Notes: I recommend Sleigh Bell Tower which is #8 in the Braxton Campus Mystery Series, but not as a standalone. There is so much rich character background that plays into each book in the series that it would be hard to thoroughly appreciate this book on its own.

Publication: December 20, 2021—Next Chapter

Memorable Lines:

My grandmother, on the other hand, continued to run a profitable organic farm, serve as the mayor of our fine county, and make it her business to know everyone else’s business. Where she found the energy baffled us all.

“Mm… the cusp of nineteen is definitely elderly. We should look into long-term-care facilities soon, huh?”

I had a mystery to solve. A killer to capture. Agatha Christie would be proud of me this year!

Flora’s Travelling Christmas Shop–spreading the Christmas spirit

Flora’s Travelling Christmas Shop

by Rebecca Raisin

When you are Festive Flora, you have your almost dream job of assistant-cashier at Deck the Halls Christmas Emporium, you are dating adventurous poet Luke, and you are living in your best friend Livvie’s spare room, what could possibly go wrong? Well, for Flora, everything—all at once!

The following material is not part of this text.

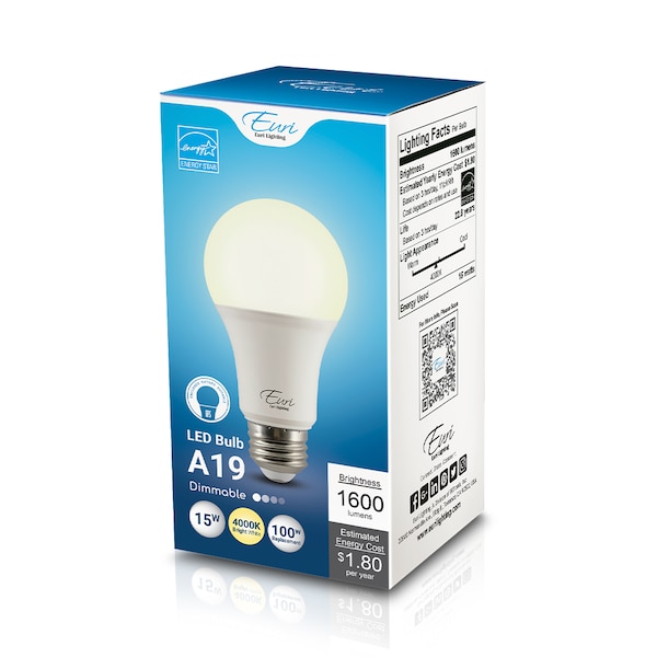 LED EA19-15W2040e, Omni-directional A19, replaces conventional 100 Watt incandescent bulbs delivering more brightness (lumens) for less energy (Watts). With lower energy consumption levels you will be able to experience considerable energy savings throughout the years. EA19-15W2040e design reduces internal bulb heat providing greater durability and constant bulb performance. Look for EA19-15W2000e for Soft White (3000K), EA19-15W2020e for Warm White (2700K) and EA19-15W2050e for Cool White (5000K). Enjoy features such as: Dimming options, Energy Efficient, and Enclosed Fixture Suitable.
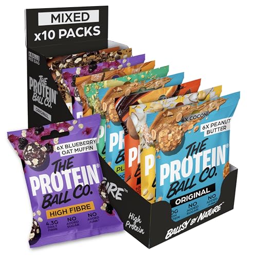 The Protein Ball Co Starter Pack Bundle Protein Balls - Healthy Snacks Variety Box, Gluten-Free - No Added Sugar, Box of 10 Bags

Flora is accused by various boyfriends of being eccentric, and she is. She’s passionate about the Christmas spirit and wants everyone to feel the same way. She is also kind and generous with a tendency to speak and act before she thinks. Flora is never “good enough” according to her parents’ standards. She and Livvie, who also had a difficult home life, received love and support as children from Flora’s Nan. At her house they created wonderful Christmas memories.

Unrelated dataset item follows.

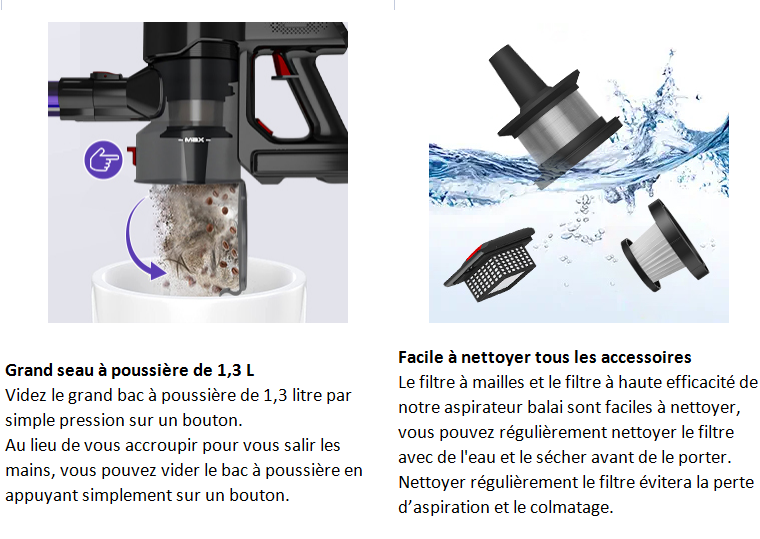 Aspirateur 45kpa Autonomie 50min Aspirateur Balai Sans Fil 550W, 45KPA, 65min Autonomie, 1.6L, Brosse Meilleurs Aspirateurs 2025 Le mode moyen peut être utilisé pendant 30 minutes, tandis que le mode basse vitesse permet de nettoyer toute la maison. Légers, maniables et polyvalents, les aspirateurs balais ne manquent pas d'atouts. Sans fil, ces appareils fonctionnent grâce à une batterie rechargeable 30 novembre 2025 8h57 580W/48KPA Aspirateur Balai sans Fil 65min, 1.6 L Aspirateur sans Fil Puissant avec Rechargeable Support Mural, Brosse Anti-Enmêlement Améliorée et OLED Écran Tactile, pour Sols Durs/Animaux/Voiture Amazon 139.99 € -26 La durée de vie de la batterie correspond aux différents modes d'alimentation: 25KPa-50min, 35KPa-30min, 45KPa-15min. Le mode haute vitesse est idéal pour les environnements les plus difficiles et les nettoyages rapides. Aspirateur balai sans fil flex rechargeable 22.2v - Livoo - DOH138V 【Trois Modes de Nettoyage】le mode basse vitesse jusqu'à 50 minutes réduit le temps de charge et évite les interruptions. L'aspirateur sans sac filtre complètement l'air inhalé, maintient les particules dans la couche filtrante, puis libère de l'air frais pour protéger votre santé et celle de votre famille. Chaque fois que l'aspirateur sans fil est démarré, l'aspirateur sans fil continue automatiquement avec la dernière vitesse de travail. 【Autonomie Maximale 50Mins & Batterie Amovible】 L'aspirateur sans fil est équipé d'une batterie amovible et rechargeable de grande capacité. 【45Kpa Aspiration Puissant】 L'aspirateur balai sans fil S10 est équipé du nouveau moteur sans balais 350W, qui peut produire une puissance d'aspiration maximale de 45KPa/140AW (mode de puissance à 3 niveaux). Cette conception conviviale peut vous aider à éclairer les crevasses dans l'obscurité et à améliorer l'effet de nettoyage. La batterie peut être chargée sur l'aspirateur à main, ou détachée et chargée séparément, ce qui est flexible et pratique. Buse Longue Plate Lumineuse
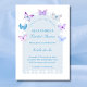 Personalise this enchanting Butterfly Bridal Shower Invitation, and set the tone for a delightful, boho affair. Adorned with a whimsical array of pink, blue, and purple butterflies fluttering gracefully amidst delicate white flowers, this invite captures the essence of romance and whimsy. Set against a backdrop of dusty blue and crisp white, it exudes an air of elegance and sophistication, perfect for a pretty, boho-inspired bridal shower. With the phrase "He gives me butterflies" it will add a touch of sentimentality, sure to elevate your bridal shower party or picnic to a magical affair. Embrace the beauty of love and nature with this Butterfly Bridal Shower Invitation, the epitome of boho floral chic.

Livvie decides that the solution to some of Flora’s problems is “a Christmas van, like a pop-up shop.” Thus Flora becomes a Van Lifer and heads to Lapland, “the home of Santa Claus,” to sell all things Christmasy with Hallmark movies being the blueprint for her future: a meet-cute with a good looking young man, conflict between the two, followed by romance and a “happy ever after.”

The story pretty much follows that pattern as she meets some nice, helpful people along the way, but also has to deal with a group of jealous “mean girls” who apparently never developed emotionally past high school. The love interest is Collom, the handsome manager of the Christmas market, a never smiling loner who is passionate about ecology, not Christmas. Flora takes on the task of turning Collom from a Grinch to a believer in the Christmas spirit. She has to complete this goal before the Christmas market closes down for the season and they all go their separate ways.

Flora’s Travelling Christmas Shop is told from Flora’s point of view with dialogue interspersed with Flora’s thoughts which she sometimes wonders if she has spoken aloud. Whoops! Author Rebecca Raisin succeeds with another romantic comedy, sure to have you turning the pages to see if Flora’s next zany idea will win Collom over—to love Christmas and maybe Flora too. Along the way she has some embarrassing moments that will keep you in stitches, ranging from stage fright to being a naked Britisher in a Finnish sauna.

I would like to extend my thanks to NetGalley and to HarperCollins (HQ) for giving me the opportunity to read this book in exchange for an honest review.

Rating: 5/5

Category: Romance, Women’s Fiction, General Fiction (Adult)

Notes: 1. This is the third in a series about Van Lifers, but stands completely alone from the first two.

2. Despite the Christmasy, festive atmosphere of this book, there is a surprising amount of foul language used casually throughout the book.

Publication: October 28, 2021—Harper Collins (HQ)

Memorable Lines:

It’s not just about holding down a job, it’s that my whole life keeps imploding at every turn. My parents think I’m on a desolate road to nowheresville.

“I probably sound unhinged, but what if we all lived as though our life were a Hallmark movie? What if we took chances, and said what we thought, and believed that true love would find a way, no matter what? What if we were honest about our feelings, knowing that it would all work out in the end? Then the world would be a better place!”

They give me those polite smiles that mange to convey they have absolutely no idea what I’ve said but they’ll tolerate me talking to them in halting Finnish because at least I’m giving it a go.